Desculpa! Ia embrenhada nos meus pensamentos. Ando para aqui, de trás para a
frente, a queimar tempo. A ver se decido o que fazer da minha vida. Se acabo
com ela ou se continuo –e as lágrimas, como se apenas pretendessem um motivo
para se soltarem, como rio em busca da margem perdida, começaram a cair por
aqueles socalcos rugosos daquela face precocemente envelhecida. Abalei de casa logo de manhã, daquela casa
que conheces bem –porque tu conheces a minha vida! Estou farta da minha
existência! Estou saturada de ser uma coisa que apenas serve para trabalhar! O
João continua sem trabalho, mas também não se importa muito com isso. Ninguém
me dá valor! Preciso de carinho! Preciso de um abraço! Os meus dois filhos,
como sabes, são como são! Nunca têm uma palavra para a mãe. Eu trabalho lá na
superfície comercial. Uma parte do ordenado é descontada a mando do tribunal
para pagar dívidas do João, o meu marido. Recebo cerca de 500 euros, que são
para alimentar quatro adultos e duas crianças –os meus netos. Sabes o que é
precisar de comer e não ter? Sabes? Sabes mesmo? São três da tarde e ainda não comi nada –e não estou a dizer isto para
te pedir alguma coisa. Nada disso! Nem tenho apetite! Sabes o que é comer um
pão cheio de bolor? Eu já comi um há dias. Chorei tanto, tanto! Eu tive uma
infância tão feliz! Nada me faltou, do essencial.

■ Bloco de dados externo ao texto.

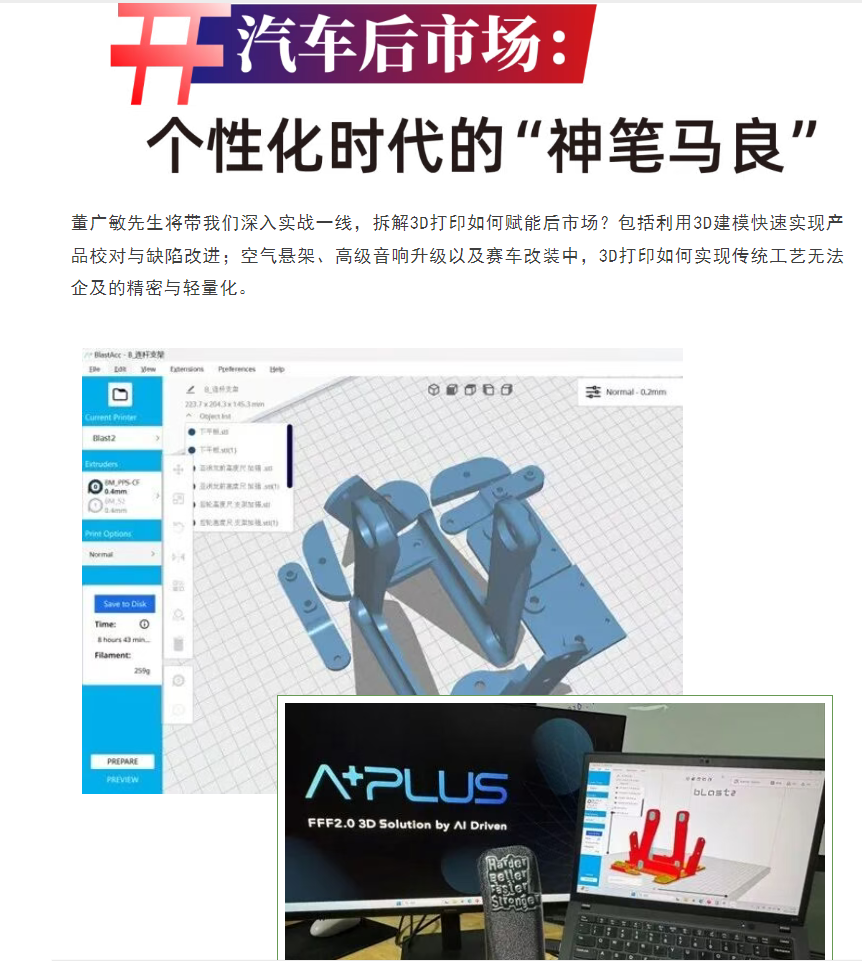 将带我们深入实战一线,拆解3D打印如何赋能后市场?包括利用3D建模快速实现产品校对与缺陷改进;空气悬架、高级音响升级以及赛车改装中,3D打印如何实现传统工艺无法企及的精密与轻量化

Só mesmo o que era imprescindível,
porque quando pedia ao meu pai uma camisola bonita que via numa montra
levava-me lá e, com os meus olhos colados no vidro, dizia: “queres aquela
camisola, Maria? Queres? Mas eu não ta compro! Tens de aprender a conviver com
o não. As frustrações ajudam-nos a crescer. Esta não ta compro, porque é muito
cara, mas vou dar-te uma mais barata. E oferecia-me uma baratinha. Nunca me
deixou faltar nada. É certo que não havia luxos mas sempre tive tudo novo a
estrear. Olha que, quando andava na escola, às vezes os vizinhos levavam lá os
livros usados para mim. O meu pai ralhava logo com a minha mãe: “agradece, mas
devolve. Que deem a quem precise mais do que nós! Para a minha princesa não
quero coisas que tivessem passado por outras mãos. Quero tudo novo”. E ia
comprar os manuais a prestações à Coimbra Editora. Tenho tanta saudade do meu
pai! Mesmo já casada e com filhos continuava a ajudar-me em todos os campos.

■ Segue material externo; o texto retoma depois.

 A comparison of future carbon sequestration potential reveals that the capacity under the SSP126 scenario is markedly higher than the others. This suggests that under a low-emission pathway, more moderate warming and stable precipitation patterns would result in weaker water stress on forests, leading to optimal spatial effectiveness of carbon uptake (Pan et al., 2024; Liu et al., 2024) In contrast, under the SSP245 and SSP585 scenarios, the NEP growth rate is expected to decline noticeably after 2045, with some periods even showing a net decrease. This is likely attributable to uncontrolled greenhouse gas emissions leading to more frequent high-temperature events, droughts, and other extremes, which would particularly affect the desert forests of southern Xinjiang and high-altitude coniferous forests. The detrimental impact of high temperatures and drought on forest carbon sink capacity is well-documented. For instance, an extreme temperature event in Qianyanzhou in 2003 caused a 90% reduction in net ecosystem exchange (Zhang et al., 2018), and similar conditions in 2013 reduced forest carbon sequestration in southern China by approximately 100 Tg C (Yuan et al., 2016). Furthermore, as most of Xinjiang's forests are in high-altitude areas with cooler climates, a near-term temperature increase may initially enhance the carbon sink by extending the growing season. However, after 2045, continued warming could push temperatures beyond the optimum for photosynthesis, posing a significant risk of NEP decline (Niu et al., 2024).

Quando chegava a casa do trabalho, por vezes, cansada e não queria ouvir
ninguém, lá vinha ele dos fundos a soletrar: “anda cá, Maria! Deixa-me olhar os
teus olhos. Sabias que os olhos são o espelho da alma? Hoje não te correu bem o
dia, pois não? Dá cá um abraço!”. E eu, enfastiada com tanto apego, dizia para
mim: fogo! O meu pai é uma grande melga! É demais! Acreditas que hoje, que não
tenho nenhum, sonho com os seus abraços?
Mesmo já velhinho, dizia-me tantas vezes: “enquanto eu for vivo nada te
faltará, mas olha que quando eu morrer vais sofrer muito. Eu sei que vais!
Terás de ser muito forte, filha!”
Hoje, neste dia de Ano Novo, ando para aqui perdida no tempo como uma
folha seca que esvoaça ao vento. Tenho tanta saudade do meu pai!”